• **WHAT IS BEING ASKED**:
Only the pictures are to be dropped; return all other data below exactly.

• **DATA SECTION**:
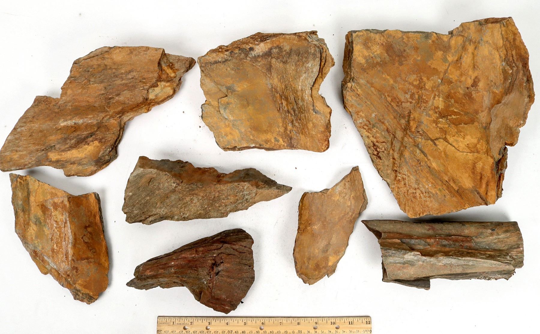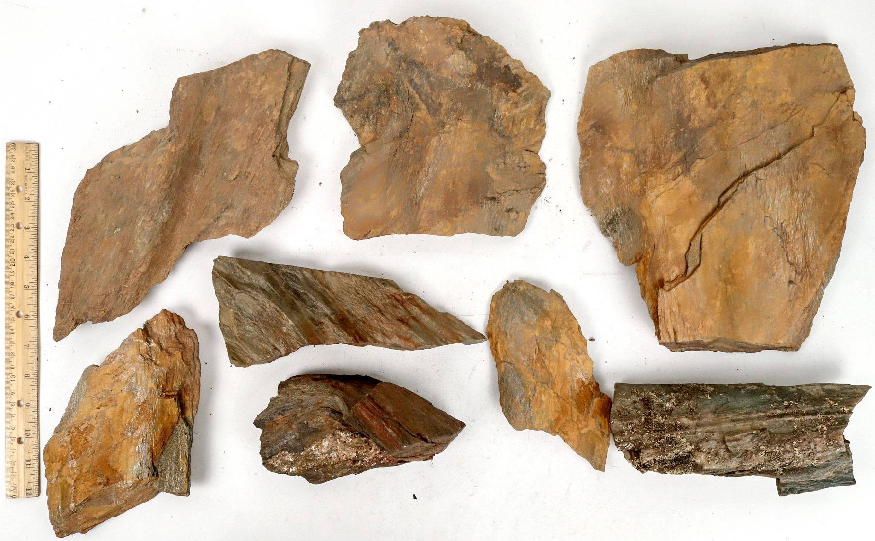Group of approx. 6 specimens of the Poorman Formation at the surface at the Homestake Mine. These specimens were all collected by Shaddrick to illustrate the intense nature of folding and subsequent mineralization. Understanding the structure at the Homestake Mine was critical in understanding ore deposition. These specimens probably don't contain gold, but rather illustrate an important feature. Specimens range from 12 x 12 x 6" down to 3 x 3 x 9" approx. About 17lbs.
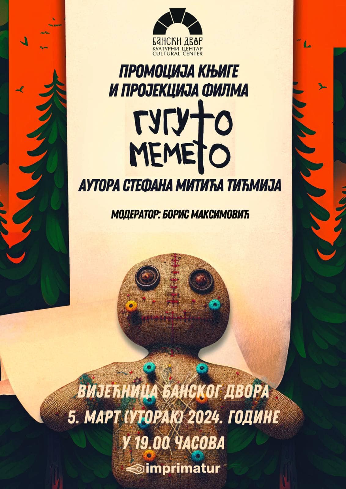 У Вијећници Банског двора 5. марта у 19.00 часова биће одржана промоција књиге и пројекција филма „Гугуто мемето“ аутора Стефана Митића Тићмија.
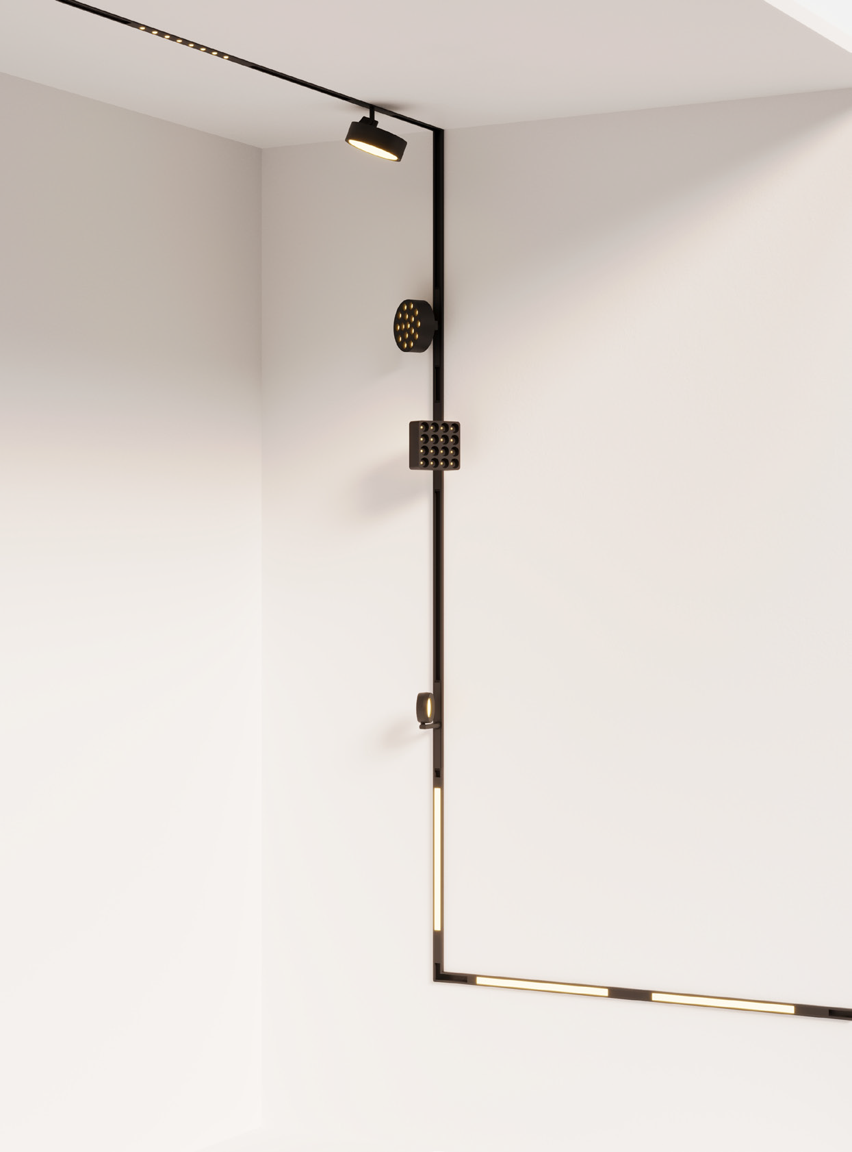 Do zasilania można wykorzystać zasilacz zewnętrzny, podłączany przez końcówkę zasilającą, lub zasilacz wewnętrzny montowany bezpośrednio w szynie. Ten drugi to wyjątkowe rozwiązanie, ponieważ mimo że jego wysokość wynosi około 3 cm i wystaje ponad poziom szyny, to wciąż jest kompaktowy jak na tak niski system - większość producentów nie oferuje tak małych zasilaczy. Oferta opraw obejmuje podstawowe modele: lampy liniowe z kloszem mlecznym lub z diodami oraz reflektory tuby z wąskim kątem świecenia. System został też poszerzony o oprawy obracane, przechylane oraz większe modele okrągłe - z kloszem mlecznym lub diodami - wszystkie w ciepłej barwie 3000K. Podobnie jak w systemie Magnetic, również tutaj dostępne są wersje lamp wyposażonych w sterownik Zigbee, który umożliwia zdalne sterowanie, w tym ściemnianie, zmianę temperatury barwowej i grupowanie. |
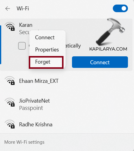 3. Højreklik på netværksnavnet og vælg "Glem".

• **SOLUTION TO THIS PROBLEM**:
Group of approx. 6 specimens of the Poorman Formation at the surface at the Homestake Mine. These specimens were all collected by Shaddrick to illustrate the intense nature of folding and subsequent mineralization. Understanding the structure at the Homestake Mine was critical in understanding ore deposition. These specimens probably don't contain gold, but rather illustrate an important feature. Specimens range from 12 x 12 x 6" down to 3 x 3 x 9" approx. About 17lbs.
 У Вијећници Банског двора 5. марта у 19.00 часова биће одржана промоција књиге и пројекција филма „Гугуто мемето“ аутора Стефана Митића Тићмија.
 Do zasilania można wykorzystać zasilacz zewnętrzny, podłączany przez końcówkę zasilającą, lub zasilacz wewnętrzny montowany bezpośrednio w szynie. Ten drugi to wyjątkowe rozwiązanie, ponieważ mimo że jego wysokość wynosi około 3 cm i wystaje ponad poziom szyny, to wciąż jest kompaktowy jak na tak niski system - większość producentów nie oferuje tak małych zasilaczy. Oferta opraw obejmuje podstawowe modele: lampy liniowe z kloszem mlecznym lub z diodami oraz reflektory tuby z wąskim kątem świecenia. System został też poszerzony o oprawy obracane, przechylane oraz większe modele okrągłe - z kloszem mlecznym lub diodami - wszystkie w ciepłej barwie 3000K. Podobnie jak w systemie Magnetic, również tutaj dostępne są wersje lamp wyposażonych w sterownik Zigbee, który umożliwia zdalne sterowanie, w tym ściemnianie, zmianę temperatury barwowej i grupowanie. |
 3. Højreklik på netværksnavnet og vælg "Glem".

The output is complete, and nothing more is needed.